The debate over whether Thomas, a transgender collegiate swimmer, has some sort of immutable biological edge over the field in this week’s NCAA women’s swimming championships will swamp whatever she does in the water. We look to facts to rescue us when a subject becomes heated, but here, the science remains unsettled.

Trust The Science!

Er, wait… Don’t trust the science!

No one arguing the issue really wants to admit it — when is the last time you heard a doctor or any other expert say the words, “I don’t know”? But we don’t know. Therefore, to exclude trans athletes from elite competition, out of our own constricting fears and uncertainty, is wrong, harmfully so.

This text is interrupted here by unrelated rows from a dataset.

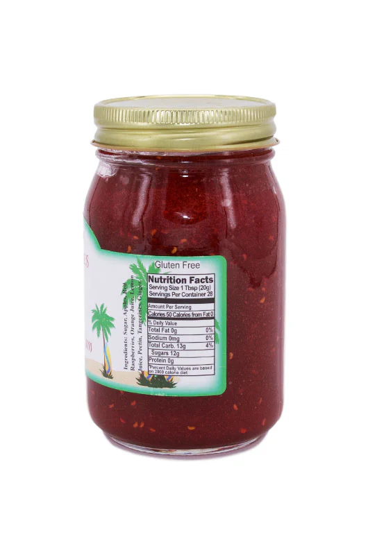 Ingredients: Sugar, Apples, Red Raspberries, Orange Juice, Lemon Juice, Pectin, Tangerines, Ginger.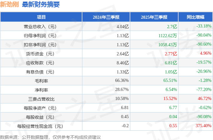 据证券之星公开数据整理,近期新劲刚(300629)发布2025年三季报。截至本报告期末,公司营业总收入2.7亿元,同比下降33.18%,归母净利润1122.62万元,同比下降90.04%。按单季度数据看,第三季度营业总收入1.08亿元,同比下降16.49%,第三季度归母净利润362.48万元,同比下降89.37%。本报告期新劲刚三费占比上升明显,财务费用、销售费用和管理费用总和占总营收同比增幅达46.72%。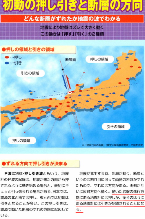 | 2783 Date: 2018-05-27 (Sun) 現代地震学は間違っている証拠の補足 [2775]に示した気象庁の解説図のキャプションで述べた以下の文章の内容を証拠書籍を示して補足します。 「地震学者も、文科省も、気象庁も、「押しと引き」を正しく理解していません。 現代地震学が間違っている証拠なのですが、「地震のすべてがわかる本」(東京大学地震研究所アウトリーチ推進室土井恵治監修、成美堂出版p.104)に載っている次の図と解説文を紹介します。 ![]() 共役関係にある「右ズレ断層」を無視している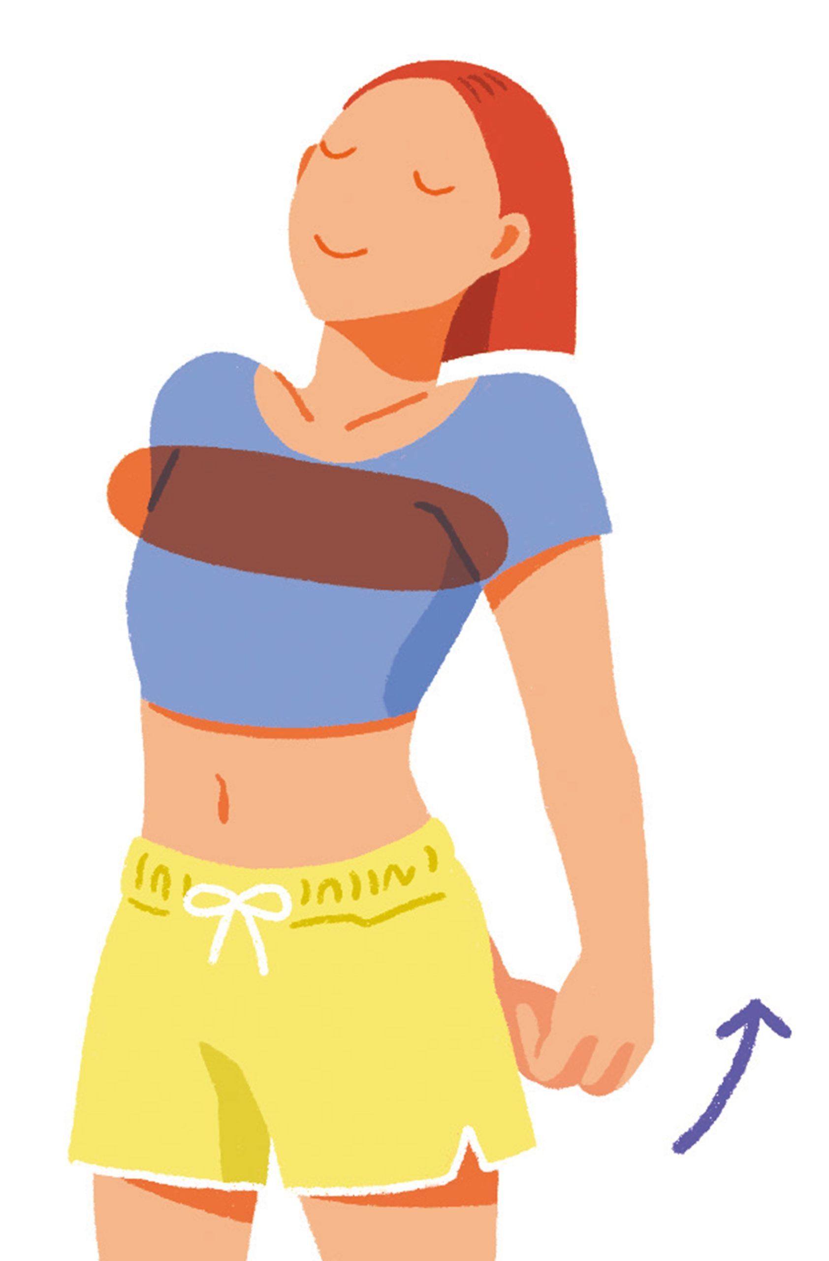 足を肩幅に開いて立ち、手を後ろで組む。左右の肩甲骨を寄せるように腕をゆっくり引き上げて胸を反らした状態で10秒キープ。この時、顔は自然と上を向くイメージで。

Read all the position papers for yourself, the strenuous arguments over nanomoles of suppressed testosterone, from briefs in a Connecticut legal case over a high school sprinter to a “briefing” book submitted to Congress by the Women’s Sports Policy Working Group. And then do yourself a favor. Sweep them all off your desk and pick up a stunner of a book called “Real Man Adventures” by Cooper, a literature professor at Emory University whose credits include writing the NBC series “The Blacklist.” See if what you read in Cooper’s work doesn’t ring more startlingly true than any of the disputed positions.

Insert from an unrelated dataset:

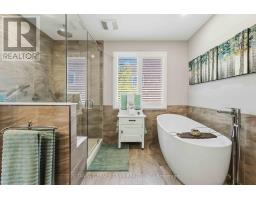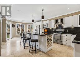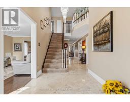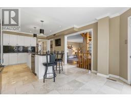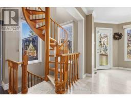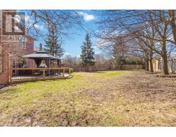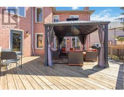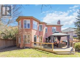 Merrick built, all brick family home set on a rare 196ft pie-shaped lot in the sought after Pringle Creek community. This spacious 4+1 bedroom home features a traditional floor plan with an elegant formal living room with crown moulding, a separate dining room with french doors and wainscotting, and a convenient main-floor library/den ideal for working from home. Hardwood flooring flows through the living, dining, and family rooms. The inviting family room offers a cozy brick woodburning fireplace, sliding glass walk-out, and a spiral staircase leading to the primary retreat & lower level. The gourmet kitchen is designed for both everyday living and entertaining, complete with a large centre island, pendant lighting, breakfast bar, touch faucet, backsplash, under-cabinet lighting, pull out cabinetry, pantry, and travertine flooring. The breakfast area features a garden door walk-out to an entertainer's deck with gazebo, gas BBQ hookup, perennial gardens, and mature trees for added privacy. A practical mudroom includes garage access and a separate side entrance (can be easily converted back to a laundry room). The double garage offers large storage shelving & cabinetry. Upstairs, you'll find two linen closets, hardwood floors and four generous bedrooms, including a luxurious primary oasis with sitting area, electric fireplace with stone surround, walk-in closet with professional organizer, and a spa-like 5-piece ensuite with stand-alone soaker tub, double quartz vanity, and glass rain shower. A renovated 3-piece bath with Italian marble flooring completes the upper level. The lower level adds even more living space with a 5th bedroom, office area with soundproof panelling, cold cellar with shelving, rough-in for a bathroom, and a large laundry/storage area awaiting your finishing touches. Ideally located just steps to public and Catholic schools, parks, shops, Whitby Civic Recreation Centre, and more. (id:61594)

“It turns out nobody else is born a man either,” he writes. “Sure, roughly half of us humans are born male — but only a fraction of that fraction grow into men.”

Okaaay…

What is the real aim and value of NCAA competition? Is it not to grow people? Surely, it’s about more than just vaulting a small subset of young talents on to a podium for the sake of name-image-and-likeness deals and spots in the Olympics. It’s supposed to be about exploring who you are, whether on the pool deck or starting block or basketball floor, and the truth is that “every person has multitudes in them,” as Cooper’s wife, journalist Allison Glock, observed in her own work. That’s the real worthwhile inquiry of college sports.

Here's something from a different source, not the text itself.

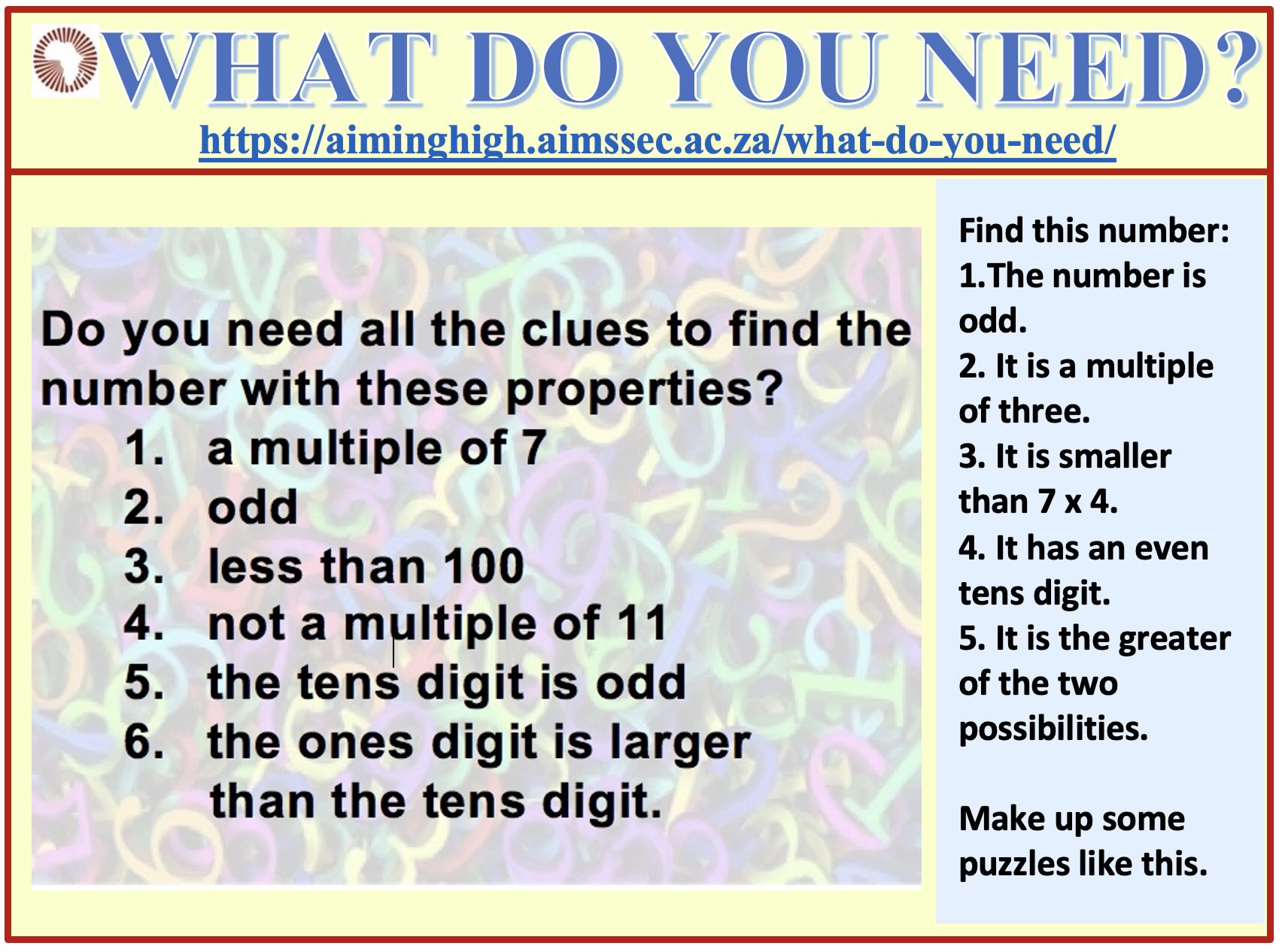 Four of the clues are true but do nothing to help in finding the number. Four of the clues are necessary for finding it.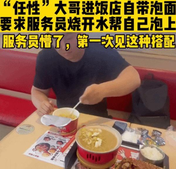 搞笑趣圖:大哥進飯店自帶泡麪,還要服務員親自泡上!

Using this as a starting point in the Thomas debate seems a much smarter approach than the uncivil fearmongering over bone density and hand size. And it allows you to ask without insult: Is Thomas’s presence preventing other swimmers from finding out who they are?

Every age category from pre-puberty to professional has changing stakes and urgencies around this issue, and none of those categories are neat. But what can be said with some consensus and conviction is that contests for maturing competitors should be more than a matter of mere physical overwhelming.

Huh?

The trouble is, whatever we think we know about this threat, there are complications to every assumption. Thomas’s Ivy League records this season at Penn coupled with her 6-foot-1 frame initially seem like an overwhelmingly unfair advantage — until you remember that Missy Franklin is 6-foot-2 and 165 pounds. For each researcher who presents certainty that the adolescent pulses of testosterone confer a “legacy” advantage in size and strength even after hormone therapy, there is the reasonable work of a Joanna Harper, a medical physicist who counters that it’s not that simple: There are disadvantages, too.

For instance, a larger skeleton is actually harder to aerobically push after the muscle loss of hormone therapy. And anyway, when has raw size or strength ever been the main determinant of victory in anything?

As Damon Runyon said, “The race is not always to the swift, nor the battle to the strong, but that’s the way to bet.”

… Then there is the baffling truth that height differences within genders are much greater than between them. …

For the moment we can only continue to calibrate judgments around the important question: Does our current collegiate model, with its inclusion of Thomas and other trans athletes, call forth competition that is interesting, meaningful and valuable? The answer is yes.

What competition is more interesting, meaningful and valuable than the question of whether Thomas will try in a race, and thus win as in the women’s 500, or throw the race, as in his other two women’s races in the NCAAs, to lessen criticism of him?